I would do what others have said. Highest point of the wall install a hook and only use natural string, hops do much better if they can bind themselves and wire is not the best thing for this


----------



## wynnum1 (4/9/16)

_Baling twine_ is used for tomatoes its cheap as there is a big market and very strong could be the cheapest to get..


----------



## trustyrusty (4/9/16)

Thanks - I actually have string that feels like it is made from paper, natural product, quite strong .. Do you think if I wrap some string around the mesh it will help? Have some of the string within the mesh that is...
Or have some straight line strings from the highest point to the bottom?

I have added more wire mesh, so is 2.5 or more higher..

cheers


----------



## Feldon (4/9/16)

(posted this reply in 2013)

You can take advantage of the hop plant's manic desire to grow upwards by using an adjustable trellis system.

Put an eye bolt in top of the stake (or barge board on roof, whatever) with long spool of twine threaded through. Hop plant climbs up the twine to the top. You then pull both the bine and the twine down together to the bottom leaving a new length of twine exposed for the plant to climb up. Repeat until season over.

Got the idea from an old BYO mag article for growing hops in pots but its also applicable for inground growing. http://byo.com/stori...s-in-containers

Benefits include easy harvesting (no ladders) and progressive picking.

Its only the growing tips that stress out wanting to grow upwards, the more mature parts of the plant don't really seem to care too much if they are upside down.


----------



## wynnum1 (5/9/16)

If you grow the hops in a pot in sunny position the pot may need protection from heating up and damaging the roots .


----------



## trustyrusty (5/9/16)

Hi Do you think I should remove the mesh and just have string lines, I have increased height...
I thought mesh would quite good, as in the wild before they were harvested I am sure they did not find dead straight trees?

Can entwine some string with the mesh?
More natural, I think I have sisal based string..
thanks


----------



## wynnum1 (5/9/16)

With the strings they need to be tied off at ground level if you get a windy day can pull on the base of the plant and cause damage and if the twine is too small can cut the plant.


----------



## trustyrusty (8/10/16)

Hi Guys
Image of my hops - I dont think going well, made a great start, I think they should be bigger by now, and colour too me is looking stressed?
Planted early August..




I am not sure growing in pot is working,

Could be pot is too hot in the sun?
Not enough water - once or twice a day ...?
Too much water?
Not enough sun, gets full afternoon, not alot in the morning, on the balcony west facing..
Could it be not enough flowing breeze...

I dont really have another spot so I might have to abandon ...

thanks


----------



## jbaker9 (9/10/16)

I'm getting some rhizomes soon.
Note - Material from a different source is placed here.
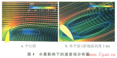 根據(jù)CFD模型計(jì)算的一般步驟,在做瞬態(tài)計(jì)算之前,首先應(yīng)求解穩(wěn)態(tài)的速度場[14],計(jì)算結(jié)果如圖4所示,在水幕的前后均有渦旋生成,水幕的上風(fēng)向側(cè)底部,有一個(gè)尺寸較小的渦旋,在水幕的下風(fēng)向測,可以很清晰的觀察到,無論在豎直方向上還是水平方向上,均有渦旋生成,并且尺寸較大,豎直方向上的渦旋會將穿過水幕后的氣體向上卷吸,而水平方向上的兩側(cè)渦旋,能夠?qū)⒋┻^水幕的氣體向中心線處收攏,對LNG蒸氣云團(tuán)擴(kuò)散產(chǎn)生較大影響。

Planning to start in pots then transplant into ground once I'm properly set up. Will this work ok?


----------



## wynnum1 (10/10/16)

Trustyrusty said:


> Hi Guys
> Image of my hops - I dont think going well, made a great start, I think they should be bigger by now, and colour too me is looking stressed?
> Planted early August..
> 
> ...


What did you fill the pot with a lot of the commercial potting mixes are crap may be worth re-potting or find them a new home


----------



## trustyrusty (10/10/16)

Yes commercial mix, I think it was a good brand but..... what do you suggest using...?
Also would they need full sun all day, that is a worry for me I think? Although I have seen images of hops in gardens and they wont get all day sun...


----------



## Lecterfan (10/10/16)

I can't add pics on here anymore without url nonsense. Anyway. Hops in pots... we all know hops need height for prolific fruiting, but it has been my experience that rhizomes of all sorts also need some space to be rhizomes. I had hops in the ground for 6 years as well as trying various pots with no success. I recently moved and have kept 4 varieties. Two are in half barrels, the other two in raised beds that are almost the size of spud boxes. The half barrels and not-quite-spud-boxes are the kind of minimum sizes that I have had any luck with. I tried in black pots that would have been 40L-ish and they were no good. The half barrels are probably double that, and the spud boxes are even bigger. This is just my experience and others might have success stories, but I just don't think they will be happy in that pot for the same reason that lots of vegies and ornamental seem as though they SHOULD grow in pots, but simply don't.


----------



## trustyrusty (10/10/16)

Yes I think you could be right, thanks

One of the hops, has been the same size for a month, came up out of the ground (or soil I mean) and saw the bad news and has gone to sleep 

BTW if you want to add pics, use FULL EDITOR - worked for me..


----------



## wynnum1 (10/10/16)

_Hop rhizomes_ will have stored resources and when its planted will use that to start off must be something wrong with the soil.


----------



## trustyrusty (10/10/16)

Any ideas of what soil I should use, Bunnings has about 100 different types of potting mixes, not sure which one..
or a home made soil mix for potting? tx


----------



## kaiserben (10/10/16)

Trustyrusty said:


> Yes I think you could be right, thanks
> 
> One of the hops, has been the same size for a month, came up out of the ground (or soil I mean) and saw the bad news and has gone to sleep



From what I've read, hops tend to shoot out and establish themselves for about a week (to the point where yours look like they're at) and then don't grow much for about 3 weeks, and then grow like crazy all of a sudden. That almost lines up with what you've said is happening. 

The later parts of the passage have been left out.